Kevin Baron

Personal information
- Full name: Kevin Mark Patrick Baron
- Date of birth: 19 July 1926
- Place of birth: Preston, England
- Date of death: 5 June 1971 (aged 44)
- Place of death: Ipswich, England
- Position: Striker

Youth career
- 1942–1944: Preston North End
- 1944–1945: Liverpool

Senior career*
- Years: Team / Apps / (Gls)
- 1945–1954: Liverpool / 140 / (32)
- 1954–1958: Southend United / 138 / (45)
- 1958–1959: Northampton Town / 25 / (4)
- 1959: Gravesend & Northfleet
- 1959–1960: Wisbech Town
- 1960–1961: Aldershot / 6 / (0)
- 1961: Cambridge City
- 1961–1962: Bedford Town
- 1962–1963: Maldon Town

= Kevin Baron (footballer) =

English footballer (1926–1971)

Kevin Mark Patrick Baron (19 July 1926 – 5 June 1971) was a professional footballer who played for Liverpool in the post-war years.

==Life and playing career==

Born at Preston, Lancashire, England, Baron played as an amateur for hometown club Preston before he was signed for Liverpool by George Kay in August 1945. He made his debut on 5 January 1946 in Liverpool's first competitive game after the conclusion of World War II; it was an FA Cup third round first leg match against Chester at Sealand Road and was a debut to remember for Baron. Not only did the Reds beat Chester 2–0, Baron made his debut alongside Liverpool legend Billy Liddell. Baron's first goal came on 8 November 1947 in a league match at Anfield. Grimsby Town were the visitors and Baron's 77th-minute strike secured the points in a 3–1 victory.

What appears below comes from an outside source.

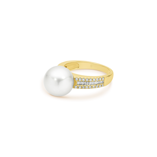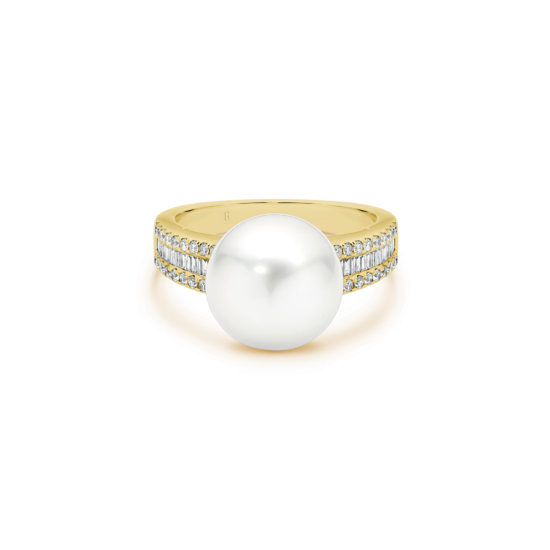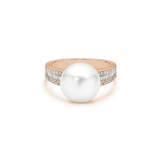 We can’t decide what we love most about this ring – the voluminous South Sea Pearl that seems to float effortlessly atop the band, or the magnificent tapestry of round and baguette cut diamonds! A high gallery means there’s enough space to pair it with another band!

Baron did not break into the 1946–47 championship winning side, but played six times the following season.

Baron finally established himself as a first team regular in the 1949–50 season, the inside-forward only missed 4 of the 42 league games scoring 7 times, he also appeared in all seven FA Cup ties, scoring in the 3–1 fourth round win over Exeter City at Anfield. The final was a mixture of emotions for Baron and the Reds, from being on a high for being part of the squad that took Liverpool to their first ever Wembley final to feeling the heartache of defeat after Arsenal won the match 2–0.

Baron's appearances took a downward turn during the 1950–51 season, but he won his spot back for the following campaign and only finished second to Liddell in the appearance chart, Liddell with 43 (40 league, 3 cup) and Baron with 41 (40 league, 1 cup). Kevin also chipped in with 6 goals.

He went on to appear another 44 times over the next 2 seasons, before leaving Liverpool in May 1954; he moved on to Southend United. He later played for Northampton Town, before dropping into non-league football with Gravesend & Northfleet, Wisbech Town, Aldershot, Cambridge City, Bedford Town and Maldon Town.

He died in June 1971 at the age of 44.

===Career details===
- Liverpool F.C. (1945–1954) - 153 appearances, 32 goals - FA Cup runners-up medal (1950).

==Family==
Eighteen years after Baron's death, his older brother Gerard was the oldest victim of the Hillsborough disaster on 15 April 1989, at age 67, when 94 Liverpool fans were crushed to death at the FA Cup semi-final (the death toll eventually reached 97).